PROBLEM STATEMENT: Only the stretch below from the line holding "Burmistrz Gminy i" through the line holding "Apartmány Vikt" should be restated, word for word and with both ends included; pictures stay out.

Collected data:
____________
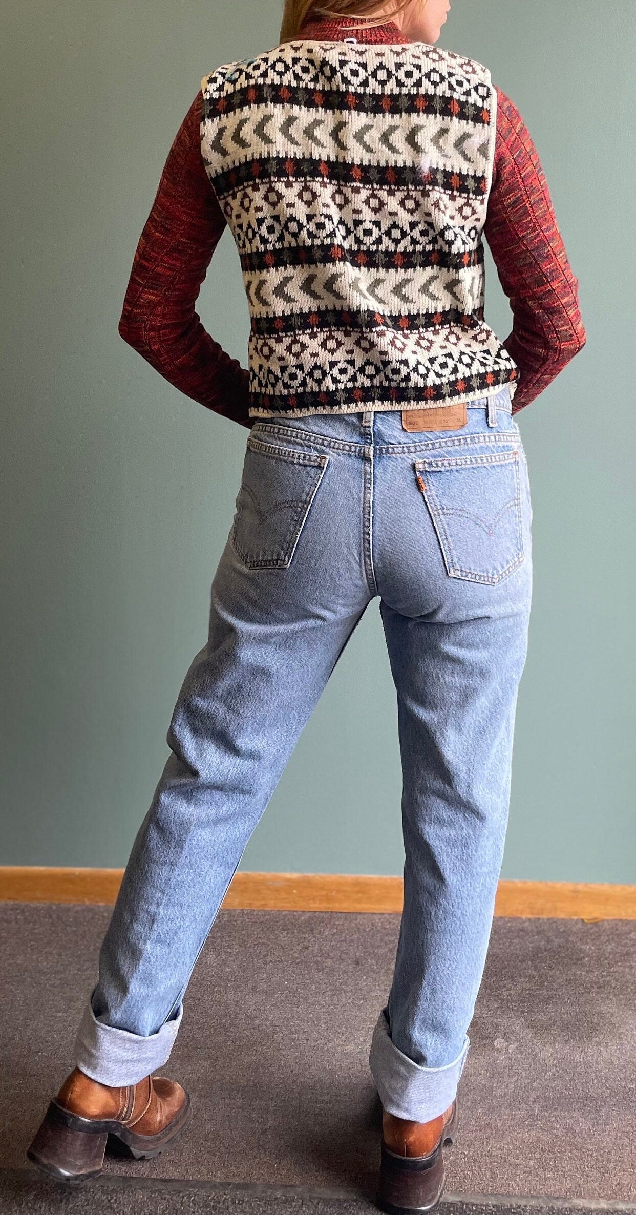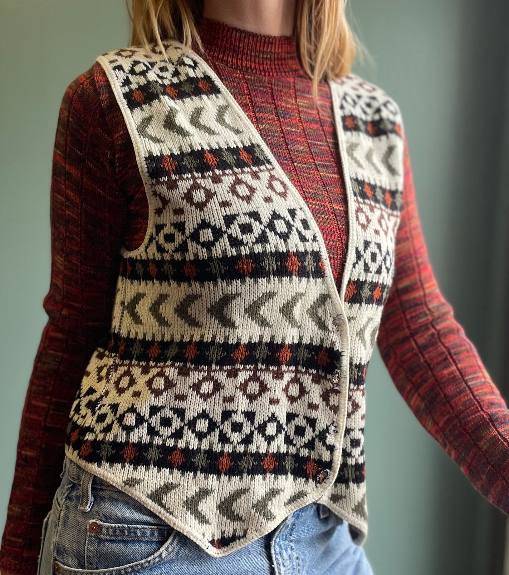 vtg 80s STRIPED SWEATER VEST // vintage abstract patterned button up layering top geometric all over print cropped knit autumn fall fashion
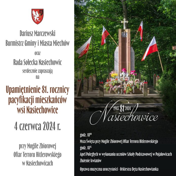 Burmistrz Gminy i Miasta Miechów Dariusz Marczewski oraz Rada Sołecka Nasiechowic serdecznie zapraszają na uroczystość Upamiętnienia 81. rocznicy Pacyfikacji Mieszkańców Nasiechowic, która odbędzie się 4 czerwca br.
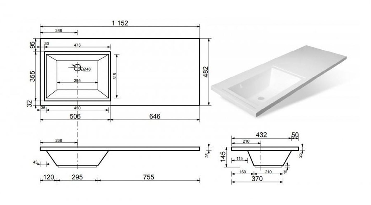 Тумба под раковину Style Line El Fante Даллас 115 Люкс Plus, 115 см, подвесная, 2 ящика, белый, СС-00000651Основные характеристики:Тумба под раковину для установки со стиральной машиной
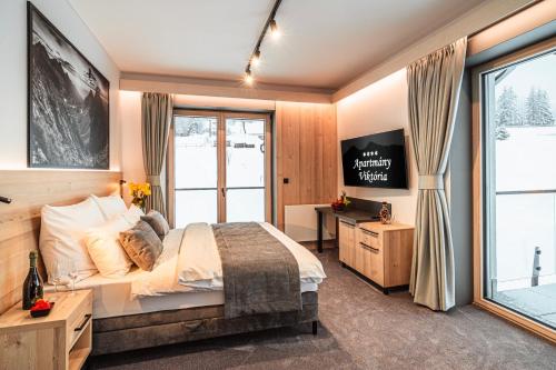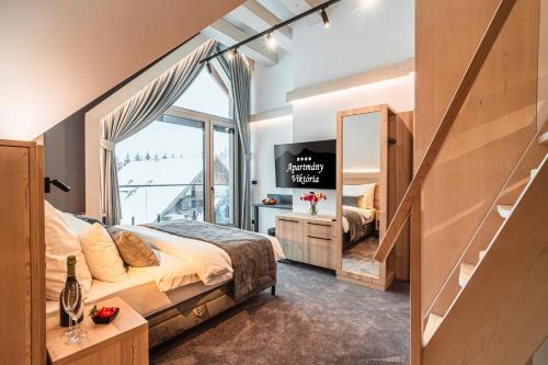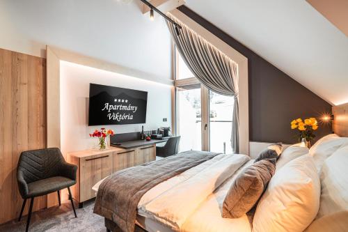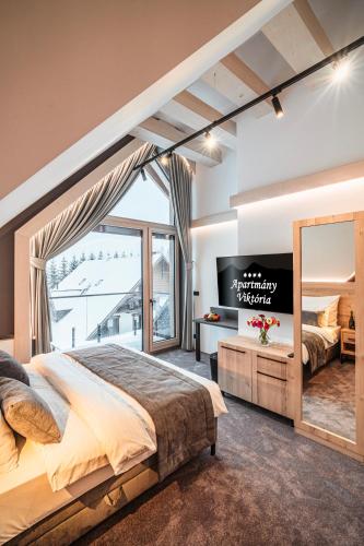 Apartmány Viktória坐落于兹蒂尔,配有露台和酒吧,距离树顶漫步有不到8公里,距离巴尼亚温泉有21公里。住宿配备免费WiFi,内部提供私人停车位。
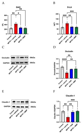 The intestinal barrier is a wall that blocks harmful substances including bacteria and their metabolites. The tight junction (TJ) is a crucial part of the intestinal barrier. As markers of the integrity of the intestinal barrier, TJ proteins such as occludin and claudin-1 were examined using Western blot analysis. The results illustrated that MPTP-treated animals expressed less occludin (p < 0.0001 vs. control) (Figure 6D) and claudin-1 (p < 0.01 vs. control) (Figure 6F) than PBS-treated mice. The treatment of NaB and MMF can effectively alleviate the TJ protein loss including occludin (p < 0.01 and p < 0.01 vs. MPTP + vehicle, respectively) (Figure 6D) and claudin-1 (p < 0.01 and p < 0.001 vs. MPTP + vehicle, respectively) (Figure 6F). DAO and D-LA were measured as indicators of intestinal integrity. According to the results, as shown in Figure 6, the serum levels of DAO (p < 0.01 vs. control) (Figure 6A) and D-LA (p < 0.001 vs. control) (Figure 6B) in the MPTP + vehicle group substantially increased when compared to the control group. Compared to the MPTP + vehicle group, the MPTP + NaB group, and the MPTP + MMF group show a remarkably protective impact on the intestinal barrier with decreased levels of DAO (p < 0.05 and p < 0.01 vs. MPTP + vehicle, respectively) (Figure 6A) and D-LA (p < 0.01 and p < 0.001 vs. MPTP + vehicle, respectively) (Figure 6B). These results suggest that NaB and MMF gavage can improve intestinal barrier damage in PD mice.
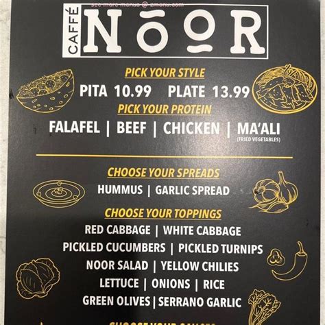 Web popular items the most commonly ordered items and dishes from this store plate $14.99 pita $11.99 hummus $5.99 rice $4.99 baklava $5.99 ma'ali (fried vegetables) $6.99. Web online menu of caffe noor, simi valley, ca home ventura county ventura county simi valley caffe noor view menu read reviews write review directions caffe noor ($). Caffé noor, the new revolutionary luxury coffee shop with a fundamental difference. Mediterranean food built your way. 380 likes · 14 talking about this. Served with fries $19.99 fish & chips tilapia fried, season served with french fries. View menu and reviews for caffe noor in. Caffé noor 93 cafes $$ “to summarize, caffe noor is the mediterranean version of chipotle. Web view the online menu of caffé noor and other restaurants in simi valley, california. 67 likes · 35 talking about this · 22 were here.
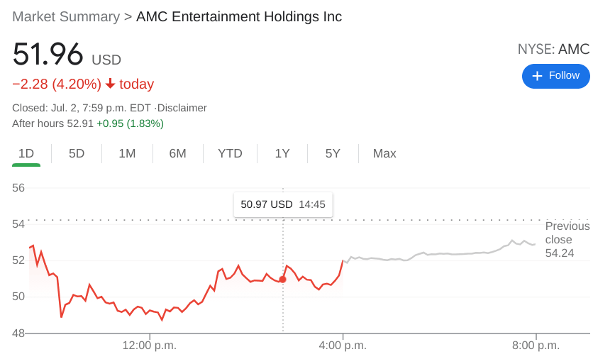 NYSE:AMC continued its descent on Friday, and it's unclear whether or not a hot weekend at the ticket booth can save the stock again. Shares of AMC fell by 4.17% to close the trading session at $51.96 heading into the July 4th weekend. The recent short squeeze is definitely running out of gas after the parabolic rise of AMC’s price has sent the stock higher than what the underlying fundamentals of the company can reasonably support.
____________
RESULT OF THE EXERCISE:
 Burmistrz Gminy i Miasta Miechów Dariusz Marczewski oraz Rada Sołecka Nasiechowic serdecznie zapraszają na uroczystość Upamiętnienia 81. rocznicy Pacyfikacji Mieszkańców Nasiechowic, która odbędzie się 4 czerwca br.
 Тумба под раковину Style Line El Fante Даллас 115 Люкс Plus, 115 см, подвесная, 2 ящика, белый, СС-00000651Основные характеристики:Тумба под раковину для установки со стиральной машиной
 Apartmány Viktória坐落于兹蒂尔,配有露台和酒吧,距离树顶漫步有不到8公里,距离巴尼亚温泉有21公里。住宿配备免费WiFi,内部提供私人停车位。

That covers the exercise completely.